This is an example dicom dataset that is being distributed by using the JSON API specification. The entire thing is rendered statically using Jekyll on Github Pages.
You can parse the entire dataset programatically by starting at the base datasets json. If the dataset had text objects (which it doesn’t, the metadata about images is stored in the dicom headers) you could filter to just images by going to the images json. If you go to the texts json you will see that it is empty. Sorry, we don’t have any!
The dataset can be viewed in entirety on Github.

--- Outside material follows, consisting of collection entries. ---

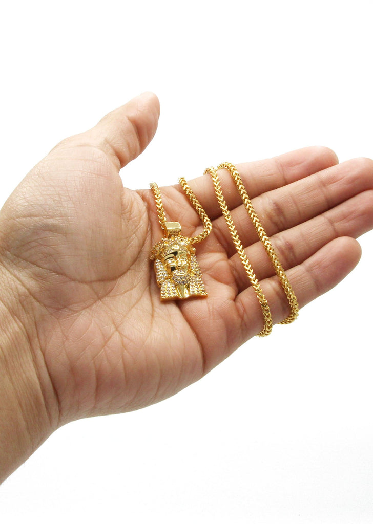 Gold Plated Franco Chain & Jesus Head Pendant Which weighs 15.2 Grams. The Width Of The Pendant Is 0.7 Inches And The Length Of The Pendant Is 1.5 Inches. The Width Of The Chain Is 3mm And The Length Can Be Adjusted Above.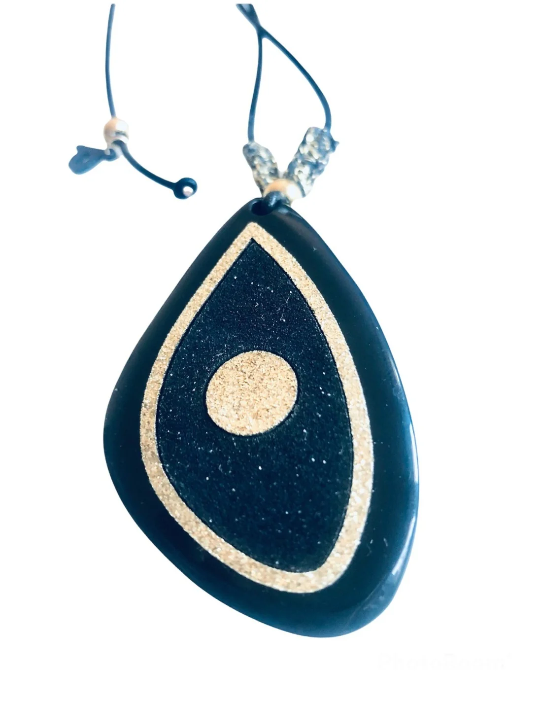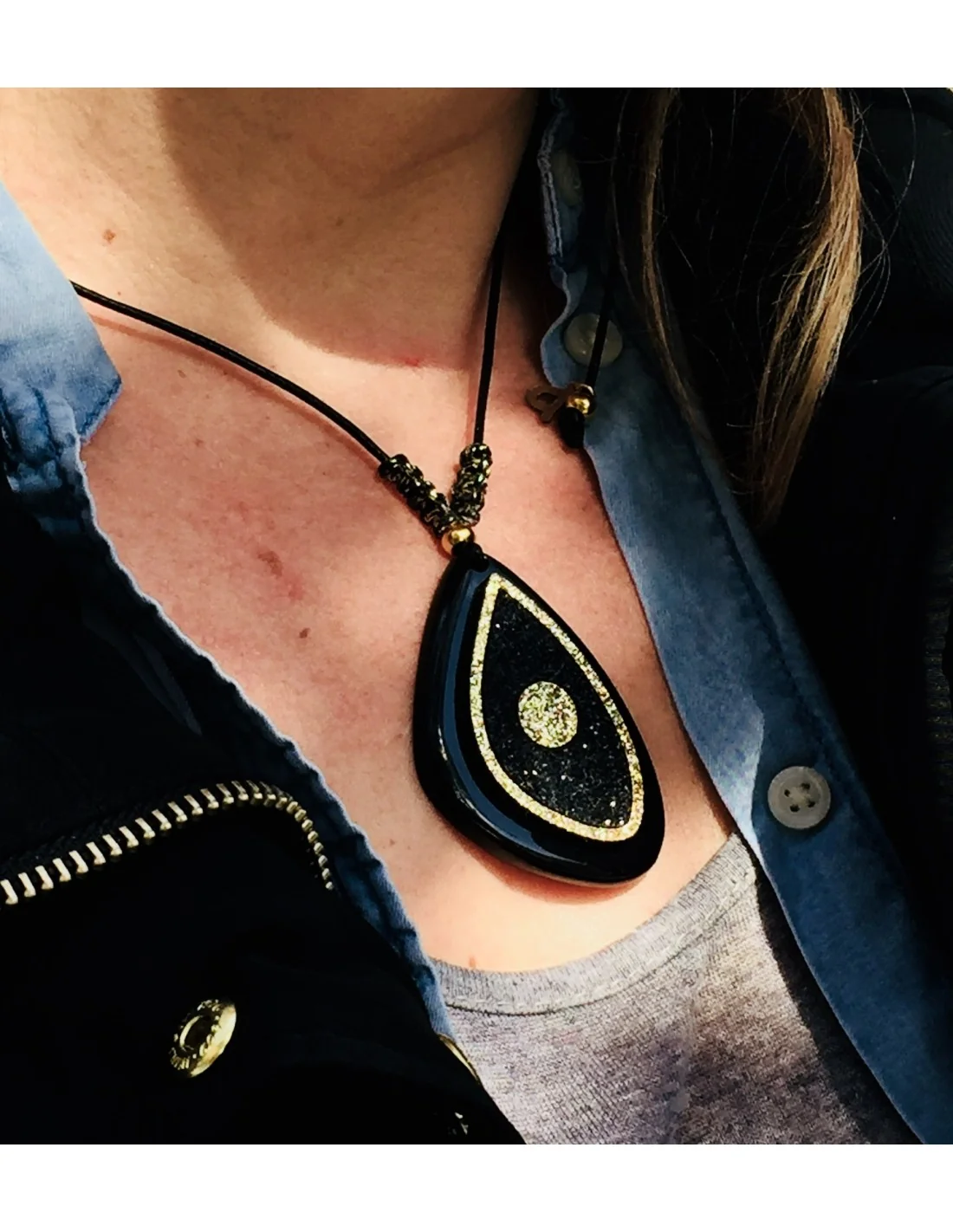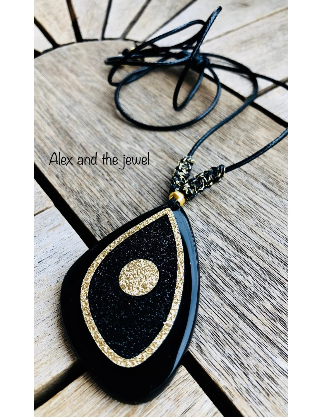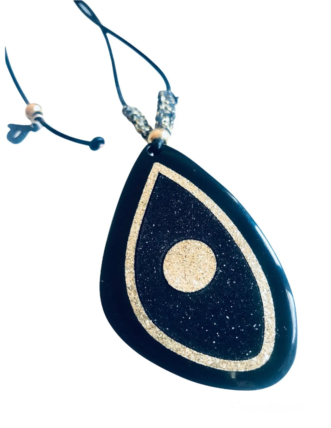 Χειροποίητο κόσμημα κολιέ με στοιχείο μάτι σε τριγωνικό ακανόνιστο σχήμα σε μαύρο και χρυσό γκλίτερ σε κορδόνι Noir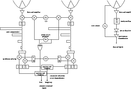 The price for this immunity to many systematics is greatly increased complexity (see Fig 1). An interferometer requires several antennas which can track the sky, each with its own receiver; a path compensation system to keep the paths to each correlator matched to much less than the coherence length; and the correlators themselves, which multiply and integrate the inputs, two per antenna pair (since the correlated signal is complex i.e. has two orthogonal components). It is usual to also phase-modulate the signal as soon as possible and synchronously demodulate it in the correlator, to eliminate any spurious signals in the RF and IF systems. The receiving system must also maintain phase stability over the signal path for at least the time interval between calibrations.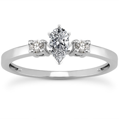 Attractive! This lovely three stone diamond bridal ring features round cut side stones with basket setting totaling 0.10 ct. This diamond engagement ring can be purchased as a set and it is available in white gold, yellow gold and platinum..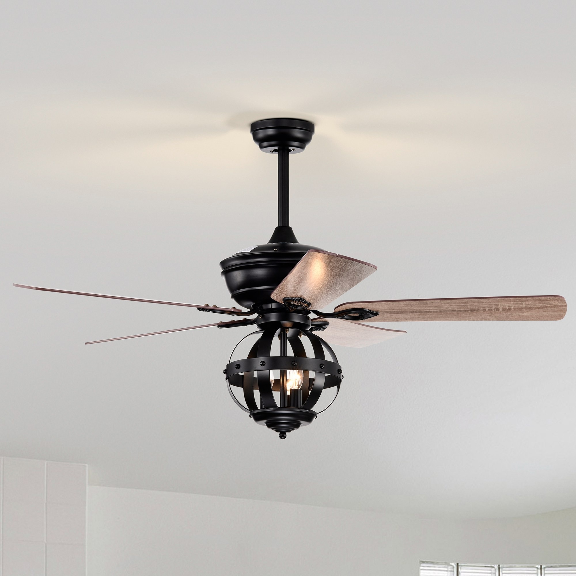52" Indoor Black Caged Ceiling Fan with Light Kit and Remote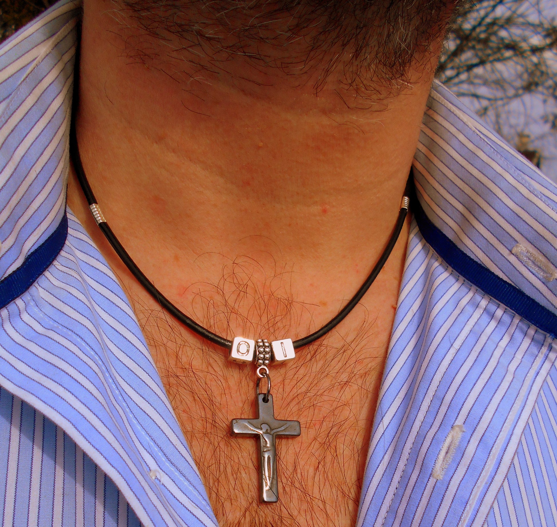 Men Hematite CROSS Pendant custom Necklace Leather. Religious protection CROSS pendant, handmade necklace Men Gift
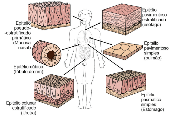 <p>0 Epitélio pavimentoso 0 0 estratificado Epitélio pseudo- (esôfago) -estratificado primático (Mucosa Epitélio nasal) pavimentoso simples (pulmão) Epitélio cúbico (túbulo do rim) 0 0 0 0 0 0 0 Epitélio Epitélio colunar prismático estratíficado simples (Uretra) (Estômago)</p>
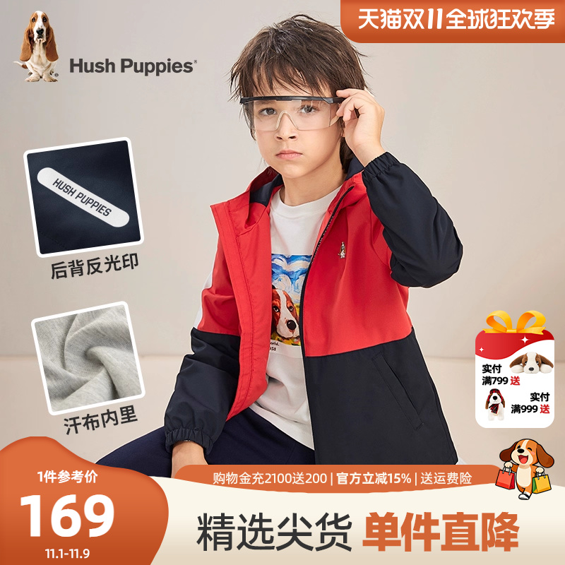 暇步士童装男童外套大童春秋装新款洋气拼色风衣儿童休闲连帽上衣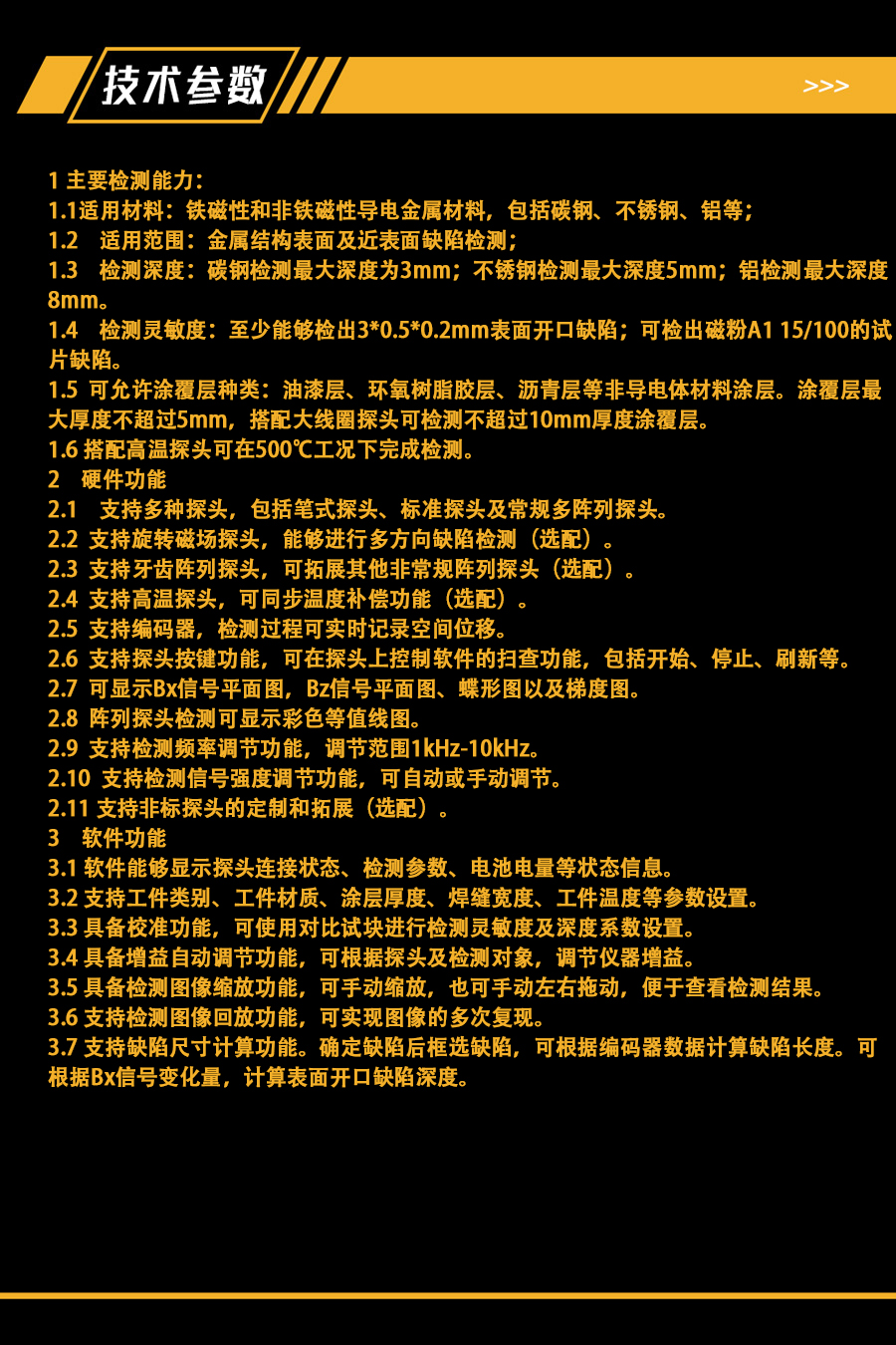 3、可檢測表面350℃高溫中的非疲勞裂紋;可用于水下500m深度結構缺陷檢測;

Each dataset is a separate folder within _datasets
, and this means that you can add a new dataset by simply adding a folder with the appropriate subfolders and metadata.
A dataset folder includes top level files for metadata, and images. The organization might look like the following:
_datasets
cookie-1
metadata.txt
images.txt
images
image1.dcm
image2.dcm
In the above example, we have an entity named “cookie-1” with a metadata.txt file that will be rendered at the url /datasets/cookie-1/metadata
as json, and this metadata file will have an includes
section that will indicate if we have images and/or text, or neither, and then link to /datasets/cookie-1/images
and/or /datasets/cookie-1/texts
. Details about the metadata file, images and text files, are below. For the above, we should note that the folder name cookie-1
is going to coincide with the dataset-id
. This is whatever standard unique ID schema you are using for your dataset.
metadata.txt
should be a text file located at the top level of the subject folder. Note that the dataset-id
coincides with the folder name for the dataset. The metadata.txt
includes the fields specified in meta.yml, organized according to being required or not. The minimal requirements are the following:
---
type: entity
dataset-id: "cookie-2"
hidden: false
includes:
- images
---
Any features about the dataset can be put in the list of attributes
:
attributes:
- color: red
- flavor: chocolate
But we haven’t done that here, because most that is needed is in the dicom headers. The includes
section indicates that the entity has subfolders “images” and if you had texts, you would add “texts.” There should be an images.txt and texts.txt file to describe the contents for each that you’ve decided to include.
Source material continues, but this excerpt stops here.